Here’s some good news as we head into cold and flu season: Scientists may have found the cure for the common cold.
“Our grandmas have always been asking us, ‘If you’re so smart, why haven’t you come up with a cure for the common cold?” one of the study’s co-authors, Jan Carette, PhD, associate professor of microbiology and immunology at Stanford University School of Medicine, said in a statement.
No offense to Grandma, but there’s a reason finding a cure for the common cold, which affects millions of Americans each year, has been so elusive. There isn’t just one virus that’s behind the infection. Many different respiratory viruses can bring on the common cold, but most are caused by rhinovirus infections.
There are approximately 160 known types of rhinovirus, which, as Stanford noted in a news release, explains why getting a cold doesn’t make you immune to picking up another one a month later. What’s more, rhinoviruses are tricky because they’re prone to mutations, which make them more likely to be drug-resistant and help them “evade the immune surveillance brought about by previous exposure or a vaccine.”
However, researchers at Stanford and the University of California, San Francisco may have found a way to stop many of these viruses, including rhinoviruses, in their tracks. In the new study published in the journal Nature Microbiology, Carette and his fellow researchers found a certain protein that’s key to the viruses being able to replicate, which allows the cold to flourish. The researchers disabled this protein in human lung cells in culture, as well as in mice, and found that it stopped the viruses from replicating, preventing infection.

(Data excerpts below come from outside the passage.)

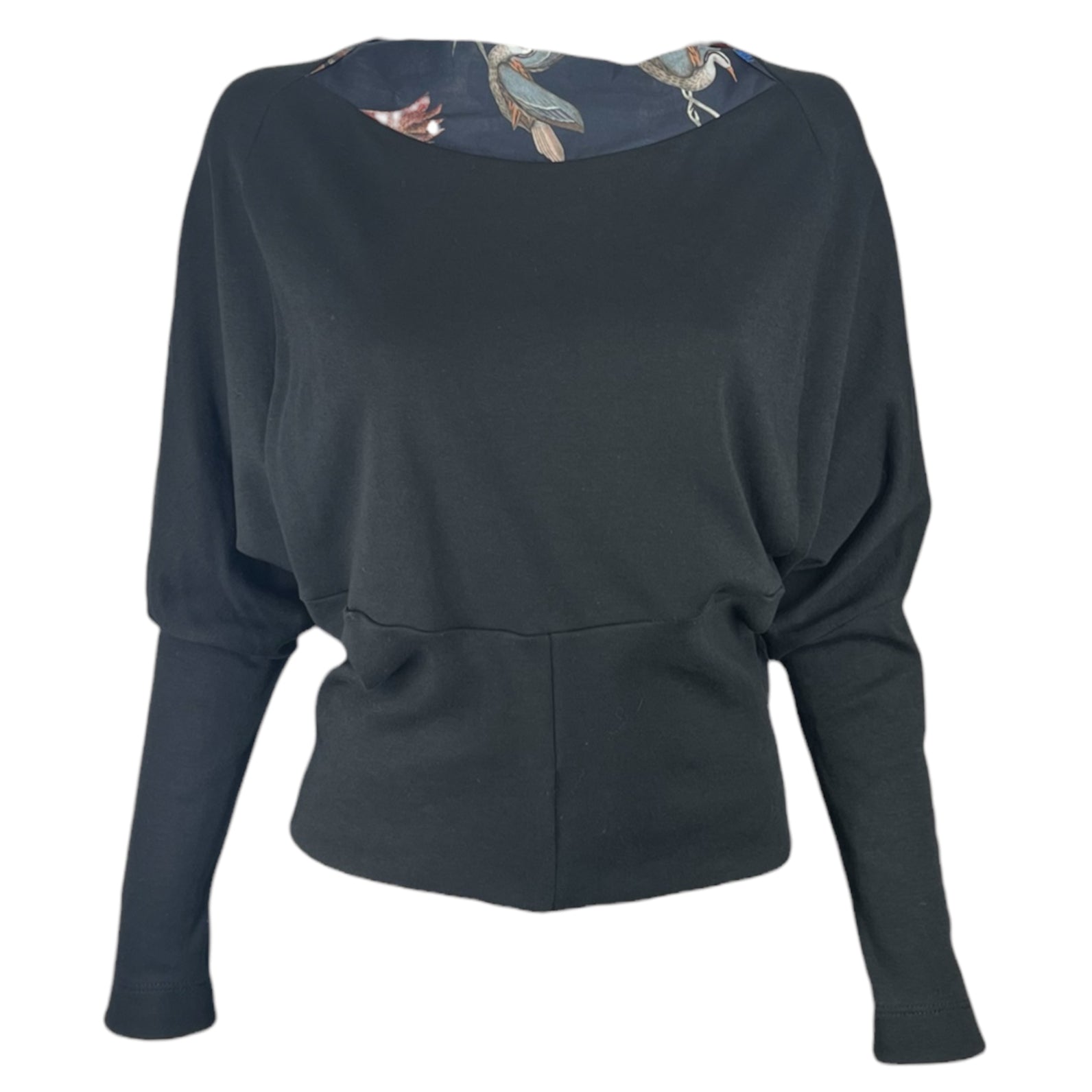 Der Preis - der hat mich erst mal abgeschreckt! Trotzdem blieb ich dran und habe mir das Shirt schließlich geleistet - und es ist ein echtes Schmuckstück! Die Einsätze mit den Vögeln sind aus einem feineren, blusenähnlichen Stoff, der leicht transparent und damit durchaus sexy ist - trotz weitem, bequemem Schnitt.
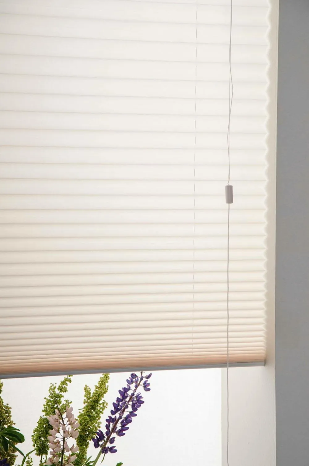 Frithængende plisségardin. Til lodrette vinduer. Reguleres med træksnor med bremse. Let at montere med drejebeslag på væg eller i loft. Beslag medfølger. Længde 160 cm.
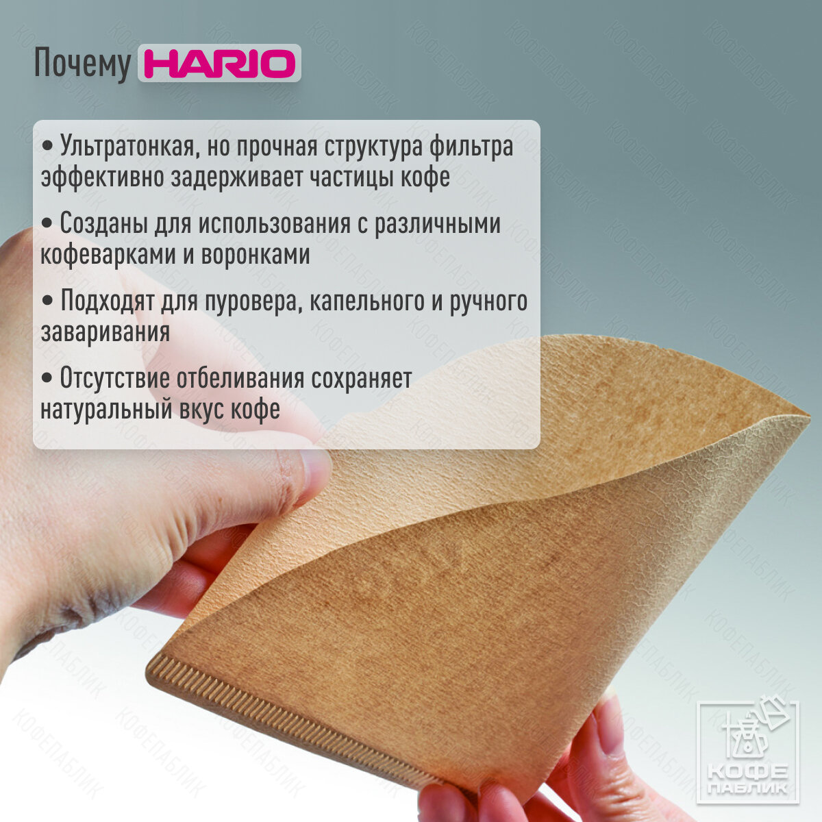 10 цен на Бумажные фильтры для кофе неотбеленные для воронок V60 HARIO VCF-02-100M, (100 шт.)

“We have identified a single human protein that helps the common cold virus to replicate and spread,” Carette recently stated in an interview with Yahoo Lifestyle. “Inactivating this protein could be a new strategy to prevent colds…. Most cases of the common cold are caused by rhinoviruses. There are more than 150 types of this virus. A typical vaccine like the influenza vaccine contains at most four types, so making it for all 150 strains would be extremely challenging. Our approach is different because we only have to target this one human protein that all of these different types depend on to make us sick.”

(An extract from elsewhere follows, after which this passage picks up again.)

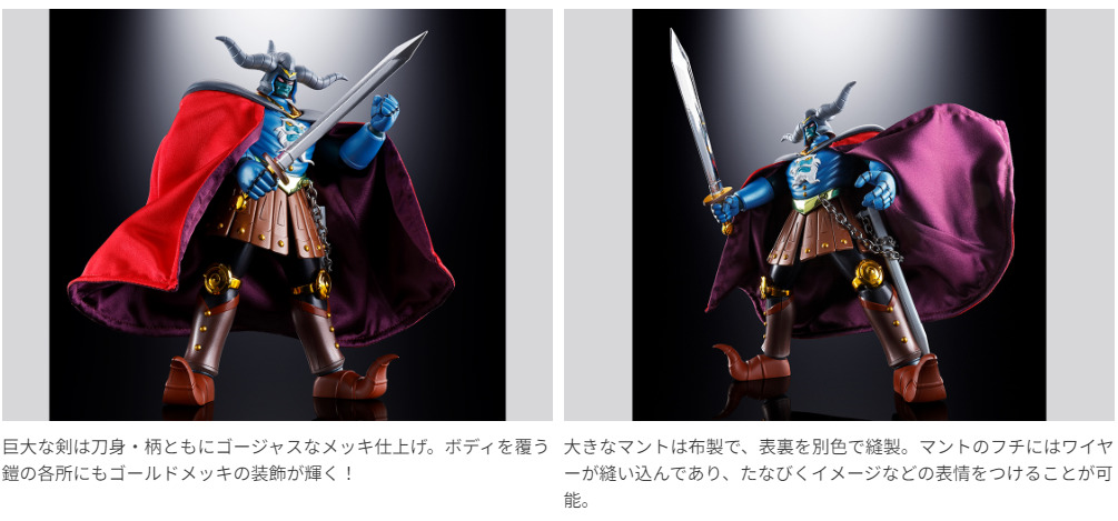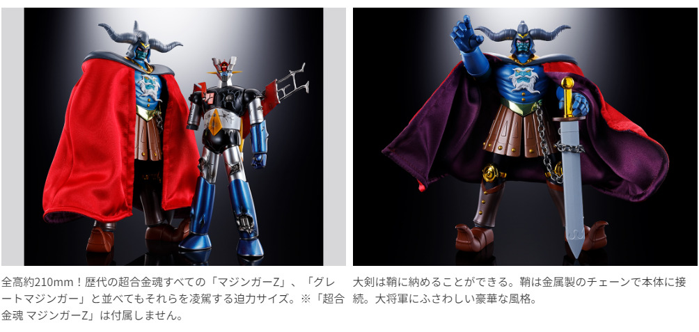 マジンガーシリーズ最強の敵キャラクター「暗黒大将軍」がファン待望の超合金魂化。マントはワイヤー入りの布パーツで再現。剣や鎧の装飾部などに豪華なメッキパーツを使用。

Carette notes that this study is just the beginning. “This is still experimental, and for it to have a therapeutic application in humans, it is important to develop a drug targeting this protein.”
While more research is needed, there are things you can do in the meantime to ward off colds, according to the Centers for Disease Control and Prevention: Wash your hands with soap and water often; don’t touch your eyes, nose or mouth with unwashed hands; and avoid close contact with anyone who is sick.